President Trump on Monday signaled a potential shift in his administration’s strategy with a late Sunday night tweet saying “ we cannot let the cure be worse than the problem itself.” He said he would evaluate the administration’s containment strategy early next week after a 15-day period elapses.

Full story: Coronavirus is historically bad hit to business activity

Here’s my colleague Richard Partington on today’s dire PMI reports:

The scale of the global economic damage amid the coronavirus outbreak is becoming clearer after early warning signs showed the steepest plunge in business activity ever recorded in Britain, Japan and the eurozone.

As the pandemic intensifies and more countries shut down large parts of their economies to contain the spread of the virus, the closely-watched purchasing managers indices (PMI) for several of the world’s biggest economies fell to the lowest levels since records began more than two decades ago.

With the world sinking into a deep recession, the UK flash PMI for the service sector – which includes restaurants, hotels and banks and accounts for about 80% of the UK economy – crashed to 35.7 on an index where anything above 50.0 separates growth from contraction.

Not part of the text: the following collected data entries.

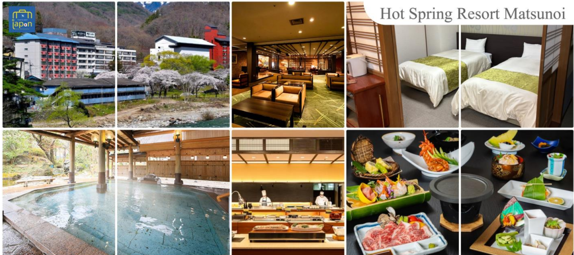
Hot Spring Resort Matsunoi

พักที่ HOT SPRING RESORT MATSUNOI หรือระดับเดียวกัน ค่า รับประทานอาหารค่ำ ณ ภัตตาคาร ของโรงแรม (5) --- บุฟเฟต์นานาชาติ หลังอาหารให้ท่านได้ผ่อนคลายกับการแช่น้ำแร่ธรรมชาติ เชื่อว่าถ้าได้แช่น้ำแร่แล้ว จะทำให้ ผิวพรรณสวยงามและช่วยให้ระบบหมุนเวียนโลหิตดีขึ้น
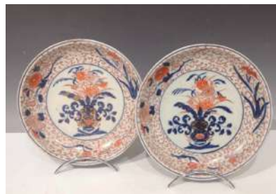
34 JAPON, Imari XVIIIe siècle Paire de coupes en porcelaine à décor en bleu sous couverte, rouge de fer et émail or de bouquets épanouis au centre, l'aile ornée de kiku parmi les rinceaux feuillagés. (restaurations au rebord) Diam. 24 cm
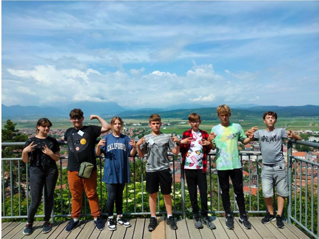
Dużo czasu spędzali na zwiedzaniu
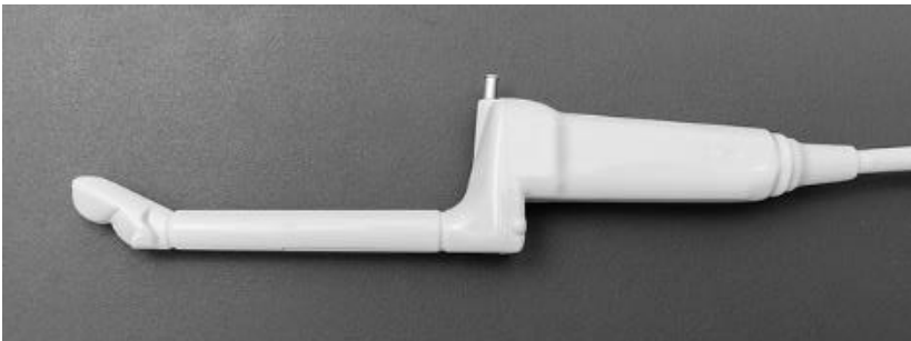
Afbeelding 2: het linkerdeel van de echosonde tot aan de eerste bocht

U wordt gevraagd de balzak omhoog te houden. Eerst wordt het perineum verdoofd met injecties, nadat er met een gaasje met desinfectans gedept is.
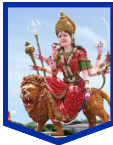
वैष्णो देवी मंदिर
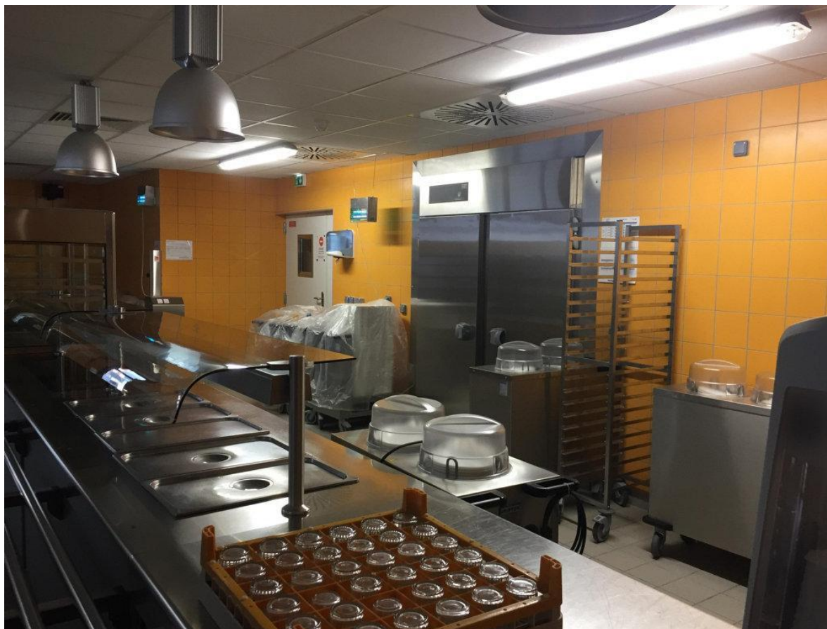
Une inondation dans les cuisines du collège a privé les élèves de repas chaud, jeudi 5 décembre, à Buchy.
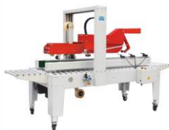
Автоматический заклейщик коробов FXJ-5050Z

The collapse on the index, which is closely monitored by the Treasury and the Bank of England, outstripped the slump recorded during the depths of the 2008 financial crisis, as emergency public health measures disrupt supply chains and demand for goods and services evaporates.

Ryanair pleads for patience as flights are grounded

Ryanair boss Michael O’Leary has asked customers for patience with the processing of refunds or rebooking, in the midst of some passenger disgruntlement with the carrier’s response to the coronavirus.

O’Leary said that Ryanair had reduced its office staff by 50% “for social distancing reasons” and was struggling to deal with anything but the most urgent cases and rescue flights. He urged customers not to call, and they would be emailed in the next fortnight.

However, the consumer association Which? said that Ryanair was leaving customers stranded, especially in Spain. It warned passengers abroad not to accept refunds from airlines if they needed to get home, as it would mean they were no longer responsible for rerouting them onto alternative flights.

The Irish carrier, which has not over the years built a store of goodwill from customers, expects virtually all flights to be grounded from today. O’Leary said it had offered its aircraft to EU governments for rescue flights and for the movement of vital medicines and supplies.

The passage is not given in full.